…Nigeria may get some relief
After resisting pressure from the United States to increase production level to mitigate the continuous upward movement of prices of crude oil in the global market, OPEC+ decided on Thursday to ramp up its monthly oil production increase to nearly 650,000 barrels per day (bpd) .
Hopefully, if this happens, Nigeria might get some relief in terms of the cost of fuel subsidy which has literarily wiped out whatever gains the country might be making as revenue from increased crude oil prices.
The subsidy payment has already hit N6 trillion and this is dislocating the economy of the country.
This is because the group is looking to compensate for falling production in its key member Russia amid expectations of strong fuel demand this summer.
In another super-short meeting, also, on Thursday, the ministers of the alliance agreed to boost the monthly production increases more than the usual 432,000 bpd, accepting the reomcmendation of the Joint Ministerial Monitoring Committee, which had met earlier in the day.
“The Meeting noted the most recent reopening from lockdowns in major global economic centers. It further noted that global refinery intake is expected to increase after seasonal maintenance,” OPEC said after the OPEC+ ministerial meeting ended.
The key decision of the meeting was to “Advance the planned overall production adjustment for the month of September and redistribute equally the 0.432 mb/d production increase over the months of July and August 2022. Therefore, July production will be adjusted upward by 0.648 mb/d.”
Under the production table for July provided by OPEC, Saudi Arabia, and Russia each have a quota of 10.833 million bpd next month, while the overall OPEC+ production quota is 43.206 million BPD.
Russia, however, is struggling with shut-in wells and production declines because of the Western sanctions over Putin’s war in Ukraine. As of April, Russian production was already estimated to be around 1 million bpd below its OPEC+ quota.
Within OPEC+, only Saudi Arabia, the United Arab Emirates (UAE), and Iraq to some extent, are believed to have the spare capacity to boost production. Nearly all other members of the alliance have been struggling to meet their quotas even at the 400,000-bpd monthly production hike for OPEC+. At 650,000 bpd, it will be the Saudis and the UAE that will have to step up to compensate for others.
Following the OPEC+ decision, oil prices erased earlier losses and were trading slightly higher at 9:55 a.m. EST, suggesting that the market doesn’t see the additional barrels as enough to offset supply losses from Russia, especially if most OPEC+ producers continue to fail to meet their quotas. The large increases for Saudi Arabia and the UAE also shift the focus again on shrinking global spare capacity, which is mostly in those two OPEC members.
However, crude oil prices rose further after the Energy Information Administration reported on Thursday an inventory draw of 5.1 million barrels for the week to May 27.
This compared with a draw of 1 million barrels for the previous week.

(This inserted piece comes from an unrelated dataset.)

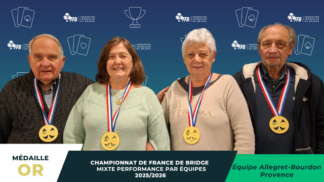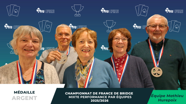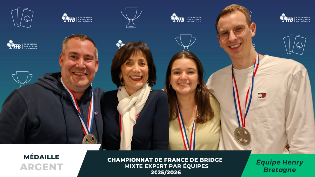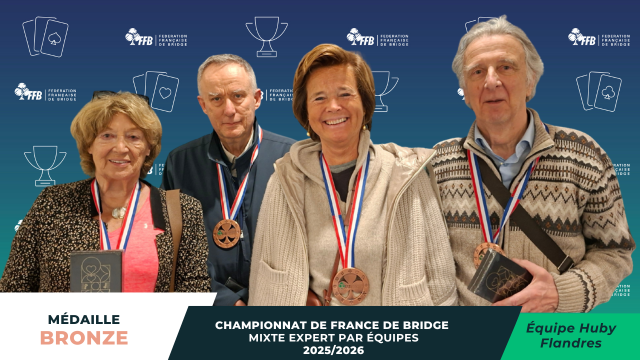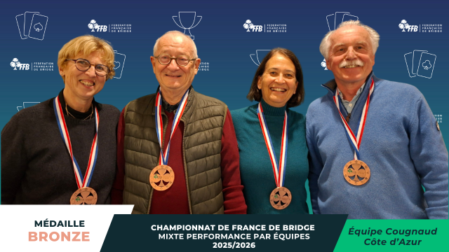 Un petit clin d'oeil à Katia Lormant du club Académie Bridge de la Côte d'Azur dont les adhérents gagnent une belle médaille de bronze : Anne-Marie Cougnaud, Marc Evrard, Patricia Blanchard, Xavier Blanchard, Nicole Allouch.
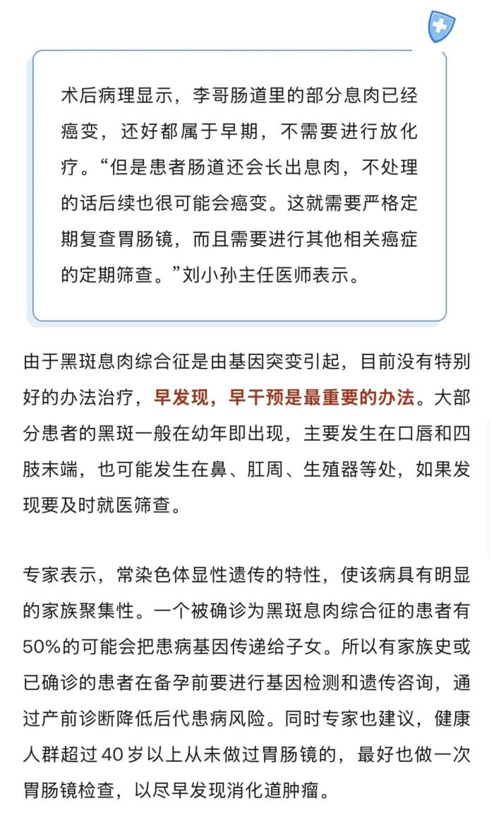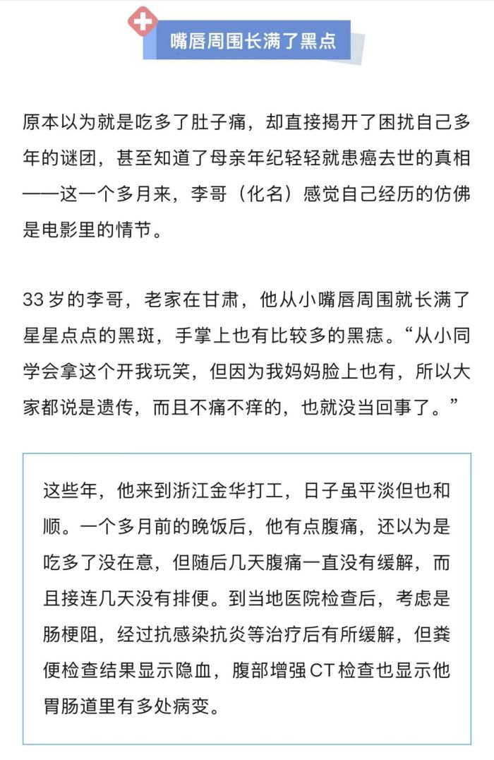 看着眼前的李哥,浙大一院胃肠外科副主任刘小孙主任医师很快就想到了一种可能——他嘴唇附近有黑斑,手掌上也有不少黑色素沉积,再加上胃肠道里多发息肉,大概率是一种叫做“黑斑息肉综合征(Peutz-Jeghers syndrome, PJS)”的罕见病。

At 414.7 million barrels, U.S. crude oil inventories are some 15 percent below the five-year average for this time of the year.
In gasoline, the EIA estimated an inventory draw of 700,000 barrels for the week to May 27, which compared with a decline of half a million barrels for the previous week.

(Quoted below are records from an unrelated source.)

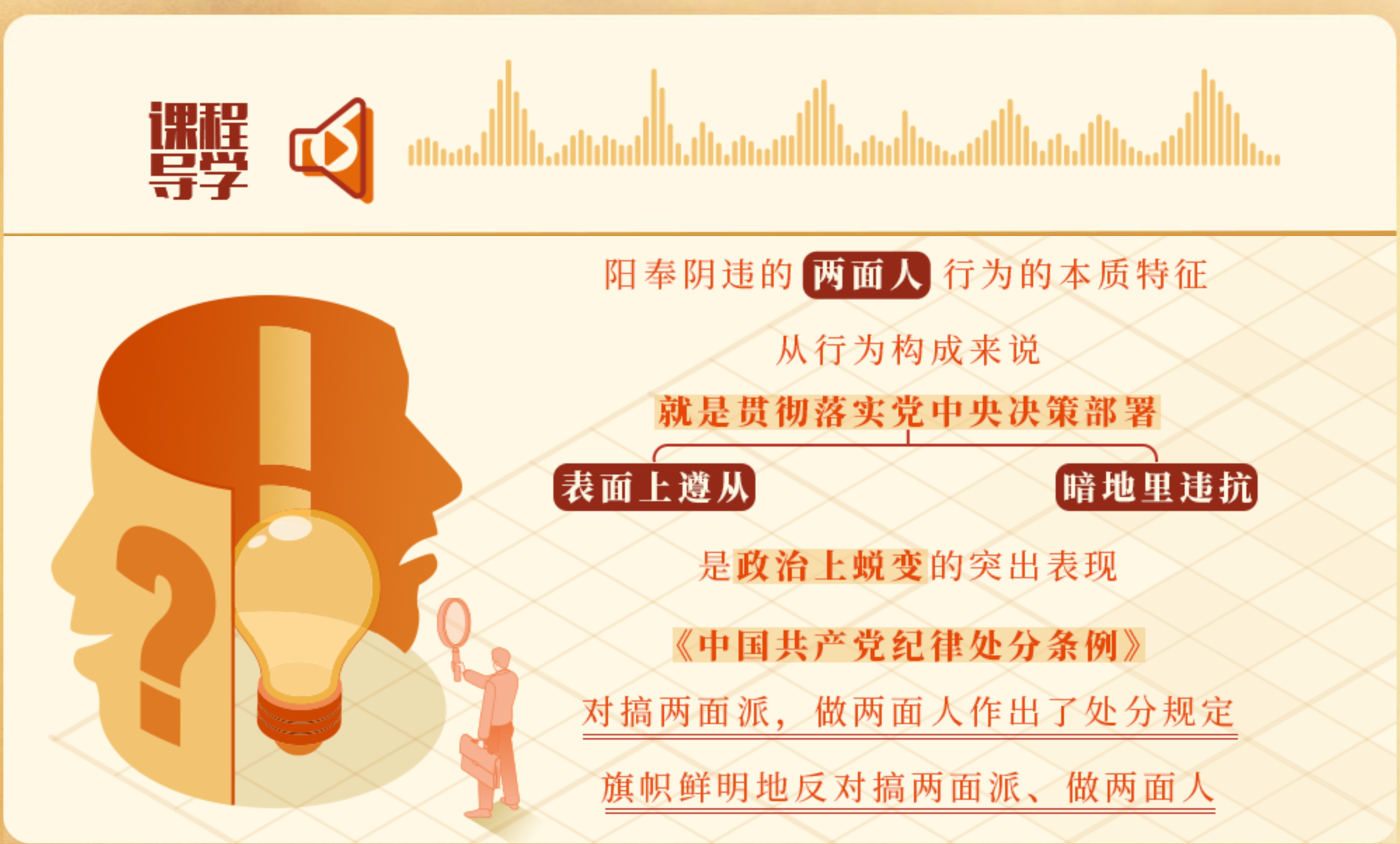 阳奉阴违的两面人行为的本质特征,从行为构成来说,就是贯彻落实党中央决策部署表面上遵从,暗地里违抗,是政治上蜕变的突出表现。
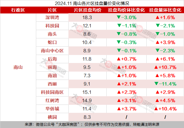 据中原监测南山区的13个片区中数据显示,挂盘均价下跌的片区有5个,上涨的片区有7个,上涨片区占比53.8%,上涨的片区也明显增加。
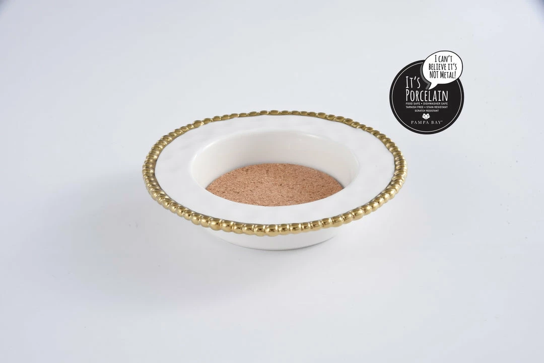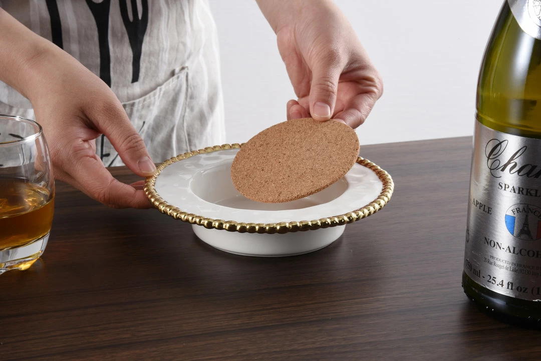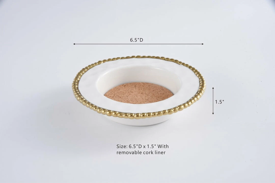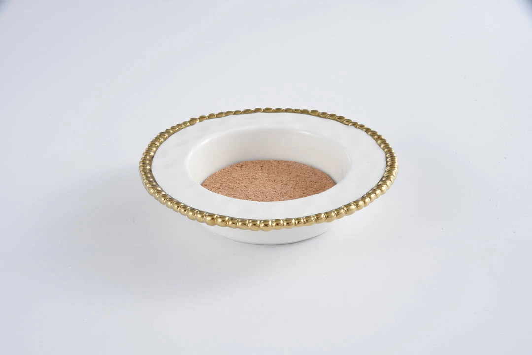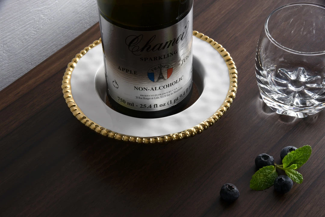 Wine Bottle Coaster with cork insert in Golden Salerno. Great to give as a gift alone or with a bottle of wine! Every home needs at least one of these gorgeous and practical coasters. Perfect for wine bottles and water bottles, this coaster will prevent drips or condensation from running onto your table! Gleaming white porcelain with lustrous gold beads in titanium. Removable 3mm thick cork insert. Food safe, dishwasher safe, oven safe to 550°. Easy Care.

Gasoline production went up last week, averaging 10 million barrels daily, which compared with 9.4 million bpd a week earlier.
In middle distillates, the authority estimated an inventory decline of 500,000 barrels for the week to May 27, which compared with a build of 1.8 million barrels for the previous week.
Middle distillate production averaged 5 million bpd last week, compared with 5.1 million barrels daily a week earlier.
Refinery runs averaged 16 million barrels daily, with the average utilization rate at over 93 percent. Refinery shutdowns over the last two years have strained existing refining capacity, with the industry warning this utilization rate cannot be sustained for long periods of time.
The fuel squeeze might yet get worse as summer season kicks in across the northern hemisphere while Russian fuel supply abroad shrinks because of the latest wave of sanctions from the EU.
“The crude oil price is $120 per barrel but the product price — what you and I pay for petrol and diesel — is much, much higher. The overarching theme is the lack of investment,” Amrita Sen from Energy Aspects told the FT this week.
“We are in this for the long haul: potentially a decade,” the analyst added.